= About this task =
Copy every line of the records that includes the word "somit".

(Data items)
⁂

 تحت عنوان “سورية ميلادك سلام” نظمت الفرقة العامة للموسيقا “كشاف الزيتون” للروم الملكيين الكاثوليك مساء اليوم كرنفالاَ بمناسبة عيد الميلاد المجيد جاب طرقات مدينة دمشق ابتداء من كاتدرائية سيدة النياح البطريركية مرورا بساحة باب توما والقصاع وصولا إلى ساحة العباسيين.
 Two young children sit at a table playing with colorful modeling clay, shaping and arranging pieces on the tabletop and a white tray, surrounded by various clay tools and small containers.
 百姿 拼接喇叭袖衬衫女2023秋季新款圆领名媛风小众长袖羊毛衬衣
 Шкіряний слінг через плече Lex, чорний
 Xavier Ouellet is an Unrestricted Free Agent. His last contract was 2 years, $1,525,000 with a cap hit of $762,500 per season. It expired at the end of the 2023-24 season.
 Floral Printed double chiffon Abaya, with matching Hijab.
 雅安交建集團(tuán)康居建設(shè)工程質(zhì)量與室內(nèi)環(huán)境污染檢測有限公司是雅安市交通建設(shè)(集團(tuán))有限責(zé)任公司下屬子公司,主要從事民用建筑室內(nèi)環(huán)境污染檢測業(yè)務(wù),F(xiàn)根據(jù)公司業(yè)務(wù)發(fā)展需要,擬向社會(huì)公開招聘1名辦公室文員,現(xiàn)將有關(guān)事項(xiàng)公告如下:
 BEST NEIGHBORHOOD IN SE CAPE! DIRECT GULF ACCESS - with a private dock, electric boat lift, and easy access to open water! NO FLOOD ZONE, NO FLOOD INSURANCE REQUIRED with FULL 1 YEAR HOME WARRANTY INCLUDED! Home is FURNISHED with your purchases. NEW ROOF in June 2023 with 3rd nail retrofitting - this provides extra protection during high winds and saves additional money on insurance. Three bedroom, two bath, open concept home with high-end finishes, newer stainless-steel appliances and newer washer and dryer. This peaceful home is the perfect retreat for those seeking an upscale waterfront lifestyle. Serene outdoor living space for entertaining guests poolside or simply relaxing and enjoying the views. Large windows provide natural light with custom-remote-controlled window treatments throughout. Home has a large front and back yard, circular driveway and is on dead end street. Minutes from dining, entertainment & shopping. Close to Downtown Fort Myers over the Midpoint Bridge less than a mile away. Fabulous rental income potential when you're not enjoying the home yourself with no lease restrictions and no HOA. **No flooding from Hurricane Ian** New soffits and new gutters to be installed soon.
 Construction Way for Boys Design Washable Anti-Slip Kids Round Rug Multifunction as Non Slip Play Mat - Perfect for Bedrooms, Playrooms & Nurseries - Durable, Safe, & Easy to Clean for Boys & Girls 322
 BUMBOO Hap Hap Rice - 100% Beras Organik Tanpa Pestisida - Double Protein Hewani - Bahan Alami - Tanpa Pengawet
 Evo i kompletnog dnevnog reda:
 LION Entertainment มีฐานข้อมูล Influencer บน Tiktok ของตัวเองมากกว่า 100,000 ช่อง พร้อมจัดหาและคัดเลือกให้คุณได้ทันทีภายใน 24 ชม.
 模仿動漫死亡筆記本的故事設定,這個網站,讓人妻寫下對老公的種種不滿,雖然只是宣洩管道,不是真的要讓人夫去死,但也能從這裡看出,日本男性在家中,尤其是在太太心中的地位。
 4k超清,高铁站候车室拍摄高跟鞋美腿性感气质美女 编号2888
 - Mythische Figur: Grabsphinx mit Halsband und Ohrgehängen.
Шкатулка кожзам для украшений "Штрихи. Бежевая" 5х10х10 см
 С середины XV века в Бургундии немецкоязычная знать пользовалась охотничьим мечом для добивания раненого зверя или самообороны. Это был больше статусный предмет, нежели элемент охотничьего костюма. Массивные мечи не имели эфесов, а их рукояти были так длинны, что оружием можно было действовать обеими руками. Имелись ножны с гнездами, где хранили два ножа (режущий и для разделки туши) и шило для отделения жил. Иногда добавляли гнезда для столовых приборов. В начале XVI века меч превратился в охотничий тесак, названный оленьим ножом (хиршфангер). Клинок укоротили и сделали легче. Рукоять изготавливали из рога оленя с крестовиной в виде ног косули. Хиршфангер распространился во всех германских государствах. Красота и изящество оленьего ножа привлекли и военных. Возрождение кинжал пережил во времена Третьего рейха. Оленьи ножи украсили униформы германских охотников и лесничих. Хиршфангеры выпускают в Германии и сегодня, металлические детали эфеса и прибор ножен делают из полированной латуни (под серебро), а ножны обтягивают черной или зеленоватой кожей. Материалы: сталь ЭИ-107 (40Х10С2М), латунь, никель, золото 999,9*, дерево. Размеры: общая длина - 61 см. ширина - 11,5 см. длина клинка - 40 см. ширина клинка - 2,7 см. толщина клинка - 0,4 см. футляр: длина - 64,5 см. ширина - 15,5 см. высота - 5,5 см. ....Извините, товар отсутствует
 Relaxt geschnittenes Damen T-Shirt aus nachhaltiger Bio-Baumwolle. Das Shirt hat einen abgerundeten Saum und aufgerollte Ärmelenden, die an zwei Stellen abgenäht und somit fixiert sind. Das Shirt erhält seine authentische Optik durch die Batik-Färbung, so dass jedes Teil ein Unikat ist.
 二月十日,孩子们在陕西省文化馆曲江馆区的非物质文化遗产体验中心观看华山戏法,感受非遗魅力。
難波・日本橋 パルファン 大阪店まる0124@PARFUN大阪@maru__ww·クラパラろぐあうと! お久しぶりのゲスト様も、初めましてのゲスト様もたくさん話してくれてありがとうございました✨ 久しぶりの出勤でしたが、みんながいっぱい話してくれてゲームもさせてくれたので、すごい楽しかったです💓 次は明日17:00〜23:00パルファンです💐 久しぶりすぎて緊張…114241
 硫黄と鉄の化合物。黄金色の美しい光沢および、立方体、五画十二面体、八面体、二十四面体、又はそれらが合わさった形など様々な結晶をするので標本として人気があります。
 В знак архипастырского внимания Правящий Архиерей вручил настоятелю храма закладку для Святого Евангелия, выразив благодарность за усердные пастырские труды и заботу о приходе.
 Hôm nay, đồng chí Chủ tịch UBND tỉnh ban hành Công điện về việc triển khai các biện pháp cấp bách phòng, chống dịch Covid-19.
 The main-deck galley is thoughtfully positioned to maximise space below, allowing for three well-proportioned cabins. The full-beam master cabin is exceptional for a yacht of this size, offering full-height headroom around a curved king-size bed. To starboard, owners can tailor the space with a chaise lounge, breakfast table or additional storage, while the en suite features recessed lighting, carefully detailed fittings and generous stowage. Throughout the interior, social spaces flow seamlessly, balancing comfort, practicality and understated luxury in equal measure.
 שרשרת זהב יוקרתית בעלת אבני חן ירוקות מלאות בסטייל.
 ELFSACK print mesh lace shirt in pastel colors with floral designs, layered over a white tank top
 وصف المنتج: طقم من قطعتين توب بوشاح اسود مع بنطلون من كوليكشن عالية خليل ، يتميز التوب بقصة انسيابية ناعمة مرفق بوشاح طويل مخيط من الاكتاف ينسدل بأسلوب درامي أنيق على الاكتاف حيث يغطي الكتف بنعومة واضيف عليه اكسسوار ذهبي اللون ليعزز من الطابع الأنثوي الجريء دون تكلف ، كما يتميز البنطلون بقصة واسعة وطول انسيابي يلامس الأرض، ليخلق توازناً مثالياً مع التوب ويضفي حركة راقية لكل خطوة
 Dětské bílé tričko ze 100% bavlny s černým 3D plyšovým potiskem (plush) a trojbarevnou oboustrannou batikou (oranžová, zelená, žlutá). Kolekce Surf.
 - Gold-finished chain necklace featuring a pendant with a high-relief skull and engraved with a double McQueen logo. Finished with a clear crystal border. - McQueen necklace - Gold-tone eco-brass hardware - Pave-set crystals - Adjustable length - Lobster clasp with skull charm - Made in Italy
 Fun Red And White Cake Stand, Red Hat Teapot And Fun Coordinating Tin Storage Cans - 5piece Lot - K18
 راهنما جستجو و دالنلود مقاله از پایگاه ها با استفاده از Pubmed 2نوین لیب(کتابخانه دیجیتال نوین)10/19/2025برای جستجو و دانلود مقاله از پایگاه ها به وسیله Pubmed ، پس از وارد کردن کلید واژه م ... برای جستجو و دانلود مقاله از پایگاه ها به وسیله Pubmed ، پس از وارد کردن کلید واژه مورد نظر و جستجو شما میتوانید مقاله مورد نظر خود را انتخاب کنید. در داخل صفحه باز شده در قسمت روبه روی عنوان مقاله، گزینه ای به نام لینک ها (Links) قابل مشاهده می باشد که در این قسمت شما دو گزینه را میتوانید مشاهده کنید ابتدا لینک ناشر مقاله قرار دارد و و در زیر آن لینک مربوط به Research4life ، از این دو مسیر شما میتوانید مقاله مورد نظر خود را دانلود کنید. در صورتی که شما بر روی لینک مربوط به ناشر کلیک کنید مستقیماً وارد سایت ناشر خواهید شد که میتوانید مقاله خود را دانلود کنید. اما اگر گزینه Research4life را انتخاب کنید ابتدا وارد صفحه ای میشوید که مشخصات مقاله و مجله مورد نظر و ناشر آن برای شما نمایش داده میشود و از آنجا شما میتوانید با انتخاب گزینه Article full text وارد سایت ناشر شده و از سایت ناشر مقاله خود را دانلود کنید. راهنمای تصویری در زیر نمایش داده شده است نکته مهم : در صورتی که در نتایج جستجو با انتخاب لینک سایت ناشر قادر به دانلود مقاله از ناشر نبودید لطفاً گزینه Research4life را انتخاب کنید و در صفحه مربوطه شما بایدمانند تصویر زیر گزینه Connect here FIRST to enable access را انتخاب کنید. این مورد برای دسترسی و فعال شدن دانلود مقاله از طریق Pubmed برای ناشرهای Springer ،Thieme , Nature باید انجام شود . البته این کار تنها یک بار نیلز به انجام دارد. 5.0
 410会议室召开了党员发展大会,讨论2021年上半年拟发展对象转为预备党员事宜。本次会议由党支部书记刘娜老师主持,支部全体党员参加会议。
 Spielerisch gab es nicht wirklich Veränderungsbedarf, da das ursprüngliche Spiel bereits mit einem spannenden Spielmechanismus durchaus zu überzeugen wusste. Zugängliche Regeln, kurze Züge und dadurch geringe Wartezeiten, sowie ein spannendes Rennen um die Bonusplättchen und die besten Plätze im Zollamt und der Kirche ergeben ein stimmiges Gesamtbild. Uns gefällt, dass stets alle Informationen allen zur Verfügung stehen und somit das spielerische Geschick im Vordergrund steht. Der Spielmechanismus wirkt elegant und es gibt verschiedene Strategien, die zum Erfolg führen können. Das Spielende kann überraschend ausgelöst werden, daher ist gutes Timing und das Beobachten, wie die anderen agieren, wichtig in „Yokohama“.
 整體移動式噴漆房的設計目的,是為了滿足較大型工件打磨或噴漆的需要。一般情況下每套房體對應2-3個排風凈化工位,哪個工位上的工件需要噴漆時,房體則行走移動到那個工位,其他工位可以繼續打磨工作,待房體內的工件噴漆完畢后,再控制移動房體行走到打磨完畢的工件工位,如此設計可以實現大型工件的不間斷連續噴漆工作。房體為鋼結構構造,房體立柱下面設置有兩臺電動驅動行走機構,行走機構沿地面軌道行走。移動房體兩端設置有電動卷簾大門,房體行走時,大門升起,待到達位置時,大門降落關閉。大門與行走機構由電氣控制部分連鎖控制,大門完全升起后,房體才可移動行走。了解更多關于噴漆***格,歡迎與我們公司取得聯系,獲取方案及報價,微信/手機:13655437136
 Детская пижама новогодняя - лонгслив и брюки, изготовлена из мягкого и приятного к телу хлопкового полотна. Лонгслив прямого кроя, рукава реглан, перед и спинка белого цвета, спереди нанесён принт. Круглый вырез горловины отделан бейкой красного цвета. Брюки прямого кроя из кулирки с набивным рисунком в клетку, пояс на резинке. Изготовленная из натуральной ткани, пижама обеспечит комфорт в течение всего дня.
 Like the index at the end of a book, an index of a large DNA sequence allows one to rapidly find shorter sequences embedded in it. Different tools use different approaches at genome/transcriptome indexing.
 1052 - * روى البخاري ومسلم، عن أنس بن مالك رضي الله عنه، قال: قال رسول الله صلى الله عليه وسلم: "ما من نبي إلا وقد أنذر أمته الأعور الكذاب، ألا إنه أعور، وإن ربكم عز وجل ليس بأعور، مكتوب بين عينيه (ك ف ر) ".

⁂

= Your solution =
 Relaxt geschnittenes Damen T-Shirt aus nachhaltiger Bio-Baumwolle. Das Shirt hat einen abgerundeten Saum und aufgerollte Ärmelenden, die an zwei Stellen abgenäht und somit fixiert sind. Das Shirt erhält seine authentische Optik durch die Batik-Färbung, so dass jedes Teil ein Unikat ist.
 Spielerisch gab es nicht wirklich Veränderungsbedarf, da das ursprüngliche Spiel bereits mit einem spannenden Spielmechanismus durchaus zu überzeugen wusste. Zugängliche Regeln, kurze Züge und dadurch geringe Wartezeiten, sowie ein spannendes Rennen um die Bonusplättchen und die besten Plätze im Zollamt und der Kirche ergeben ein stimmiges Gesamtbild. Uns gefällt, dass stets alle Informationen allen zur Verfügung stehen und somit das spielerische Geschick im Vordergrund steht. Der Spielmechanismus wirkt elegant und es gibt verschiedene Strategien, die zum Erfolg führen können. Das Spielende kann überraschend ausgelöst werden, daher ist gutes Timing und das Beobachten, wie die anderen agieren, wichtig in „Yokohama“.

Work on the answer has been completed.